EXERCISE OBJECTIVE: Exactly the lines from the beginning of the records to the line with "In 1984 at a", both ends included, are to be given again, and pictures are to be left out.

RECORDS TO USE:
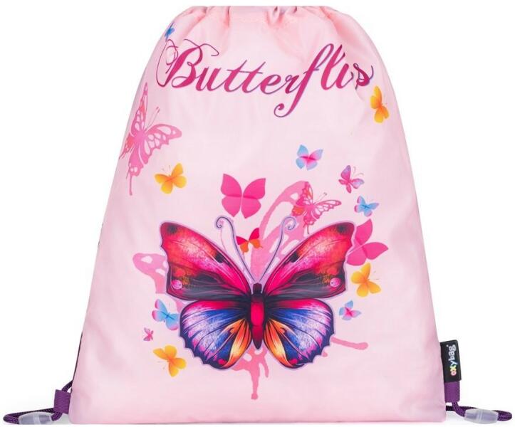 Cipőzsák pillangós motívummal. A húrok meghúzásával zárható, hátul viselhető, vagy iskolai hátizsákhoz rögzíthető. Anyaga 100% poliészter. Méretek: 37 x 30 cm Súly: 50 g
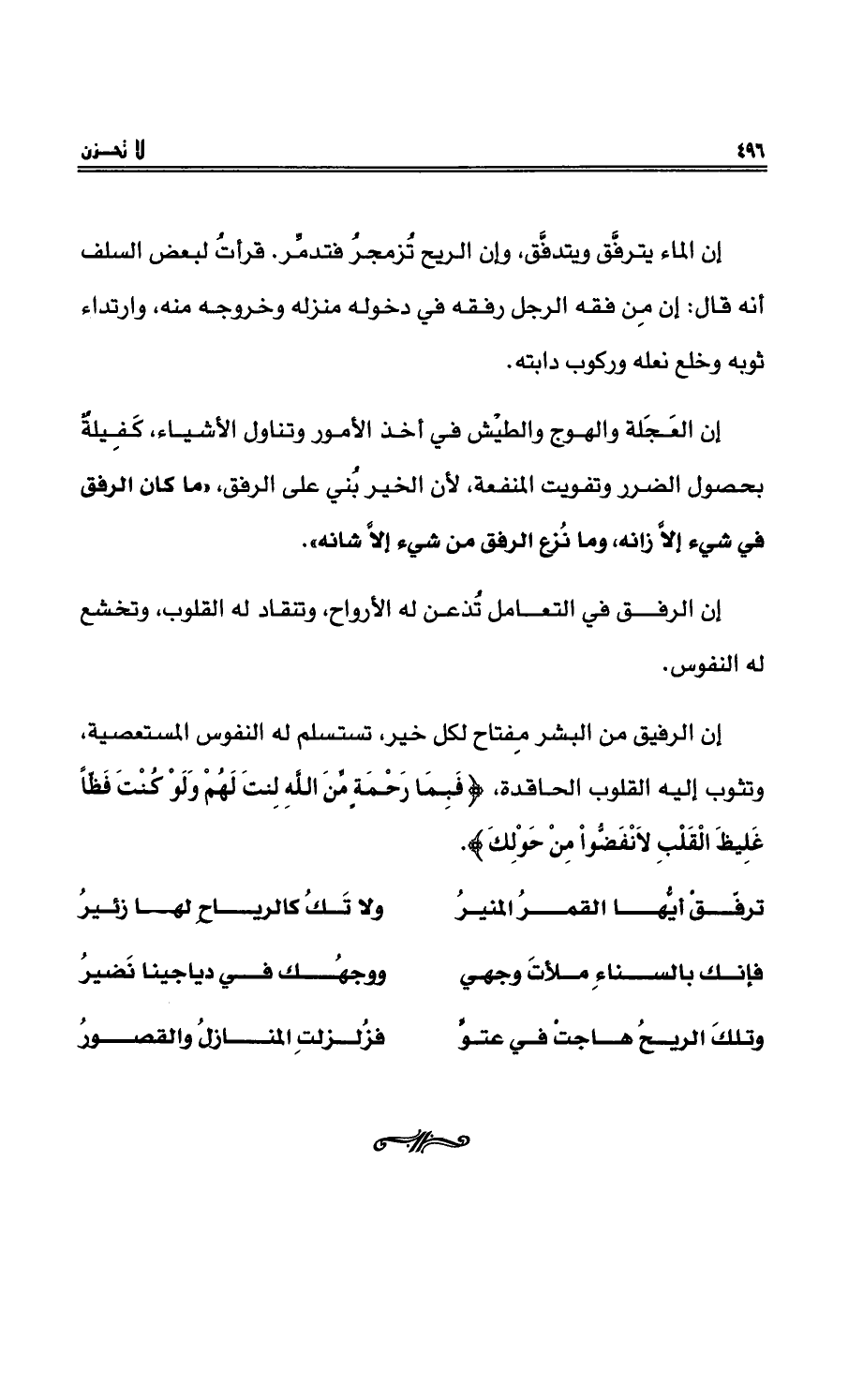 إن الماء يترفَّقُ، وإن الريح تُزمجرُ فتدمِّرُ. قرأتُ لبعضِ السلفِ أنه قال: إن مِن فِقْهِ الرجل رِفْقَهُ في دخولِه وخروجِه منه، وارتداءِ ثوبِه وخَلْعِ نعلِه وركوبِ دابتهِ.
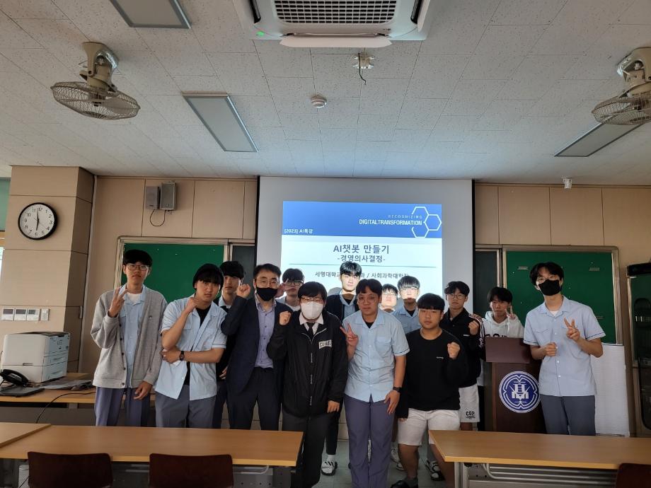 본문 시작 홈으로 커뮤니티 학과소개 학생진로 교과과정 커뮤니티 학과 SNS 홈페이지가이드 학과 갤러리 공지사항 대학원 학과 갤러리 학과 이야기 동아리 학생회 학과 갤러리 페이스북 트위터 프린트 제천고등학교 인문사회아카데미 특강 경영학과 2658 2023-05-23 제천고등학교에서 실시한 <인문사회아카데미 특강>에서 경영학과 김계수 교수님이 5월 22일(월)에 'AI챗봇 만들기-경영의사결정-' 이라는 주제로 특강을 하였습니다. 목록 이전2023학년도 회계스타K 1편 다음 2023학년도 스승의 날 행사 1편 담당부서 : 경영학과 담당자 : - 연락처 : 043-649-1766 최종수정일 : 2024-10-26 만족도조사 만족도 조사 이 페이지에서 제공하는 정보에 대하여 만족하시나요? 매우만족 만족 보통 불만족 매우불만족
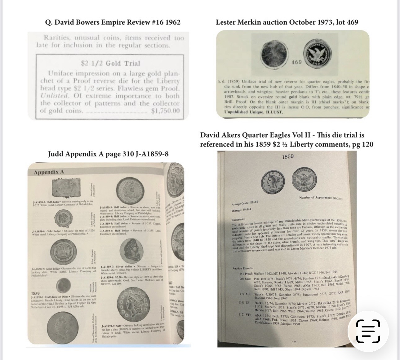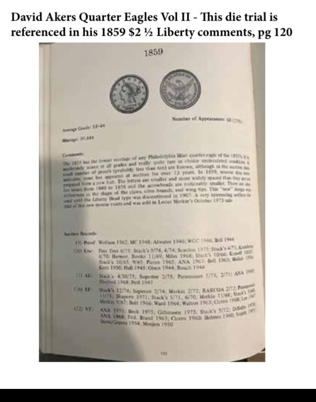 In 1984 at a coin show, Paul showed me this gold die trial. We walked over to David Akers who was also set up at the show. He showed us his $2 1/2 reference book which mentioned this die trial (shown below). We all believed that it was genuine. I purchased it for $5k and showed it to several other experts. Everyone loved it.
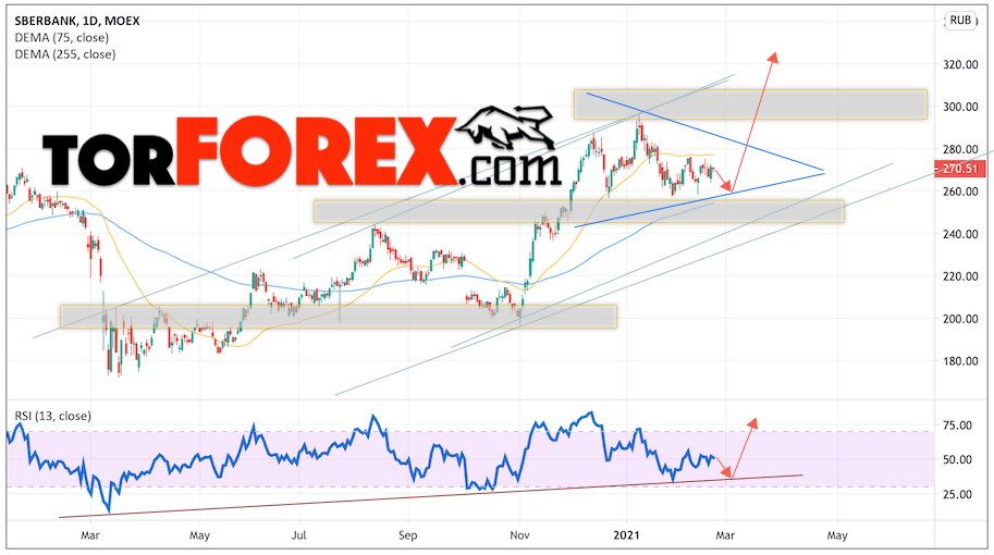 Таким образом, Акции Сбербанк прогноз на неделю 22 — 26 февраля 2021 предполагает попытку теста области поддержки вблизи уровня 260.05. Далее, продолжение роста котировок SBER с целью выше уровня 325.00. Отменой варианта подъёма цены акций Сбербанк выступит падение и пробой уровня 245.00. Это укажет на пробой нижней границы канала. В этом случае стоит ожидать продолжения снижения ниже уровня 225.05.
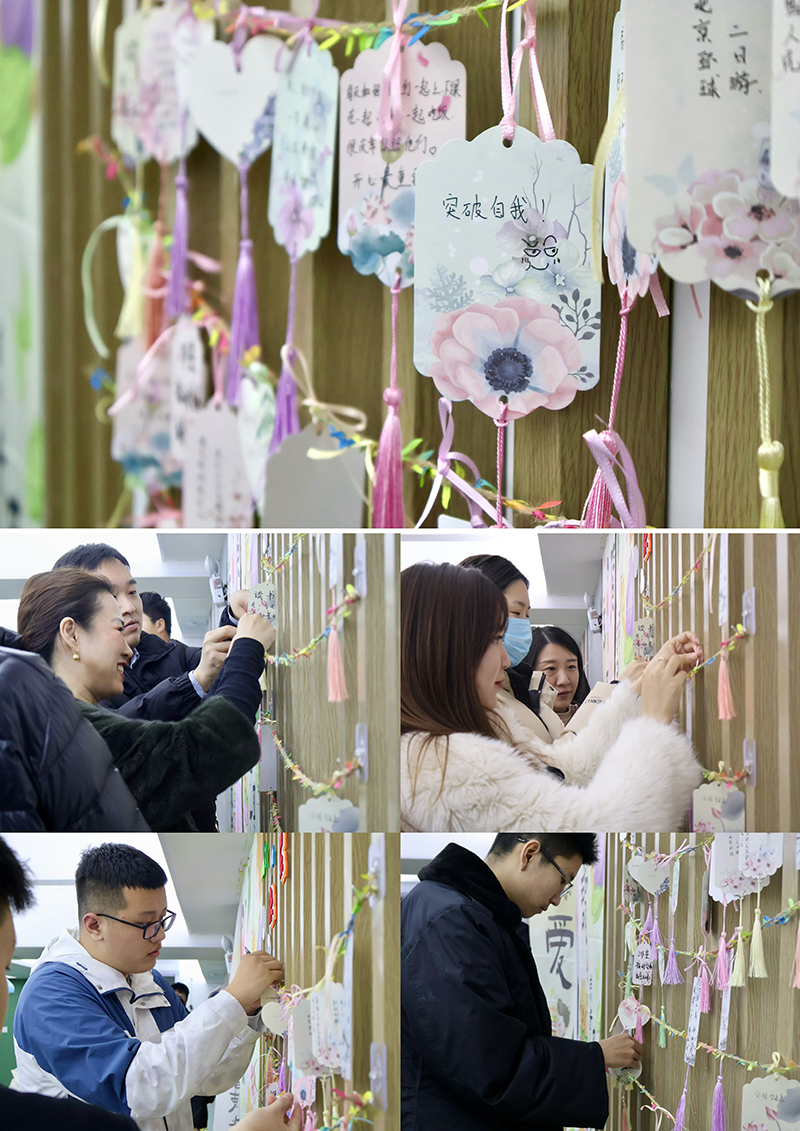 生活就好比一本书,书页中或许有污渍,或许有惊喜。现场设置“烦恼垃圾桶”和“快乐收集墙”两种箱子,同学们在定制卡片写下自己最近遇到的烦恼或困惑,并投入“烦恼垃圾桶”中。在这个环节,大家敞开心扉,将自己的烦恼记录下来,以心理疗愈方式发泄了内心的压力。“快乐收集墙”是一个承载着同学们祝福和快乐的地方,同学们将承载着快乐的书签挂在“快乐收集墙”上,将快乐与温馨的文字记为永恒,将快乐常挂心头。

SOLUTION BELOW:
 Cipőzsák pillangós motívummal. A húrok meghúzásával zárható, hátul viselhető, vagy iskolai hátizsákhoz rögzíthető. Anyaga 100% poliészter. Méretek: 37 x 30 cm Súly: 50 g
 إن الماء يترفَّقُ، وإن الريح تُزمجرُ فتدمِّرُ. قرأتُ لبعضِ السلفِ أنه قال: إن مِن فِقْهِ الرجل رِفْقَهُ في دخولِه وخروجِه منه، وارتداءِ ثوبِه وخَلْعِ نعلِه وركوبِ دابتهِ.
 본문 시작 홈으로 커뮤니티 학과소개 학생진로 교과과정 커뮤니티 학과 SNS 홈페이지가이드 학과 갤러리 공지사항 대학원 학과 갤러리 학과 이야기 동아리 학생회 학과 갤러리 페이스북 트위터 프린트 제천고등학교 인문사회아카데미 특강 경영학과 2658 2023-05-23 제천고등학교에서 실시한 <인문사회아카데미 특강>에서 경영학과 김계수 교수님이 5월 22일(월)에 'AI챗봇 만들기-경영의사결정-' 이라는 주제로 특강을 하였습니다. 목록 이전2023학년도 회계스타K 1편 다음 2023학년도 스승의 날 행사 1편 담당부서 : 경영학과 담당자 : - 연락처 : 043-649-1766 최종수정일 : 2024-10-26 만족도조사 만족도 조사 이 페이지에서 제공하는 정보에 대하여 만족하시나요? 매우만족 만족 보통 불만족 매우불만족
 In 1984 at a coin show, Paul showed me this gold die trial. We walked over to David Akers who was also set up at the show. He showed us his $2 1/2 reference book which mentioned this die trial (shown below). We all believed that it was genuine. I purchased it for $5k and showed it to several other experts. Everyone loved it.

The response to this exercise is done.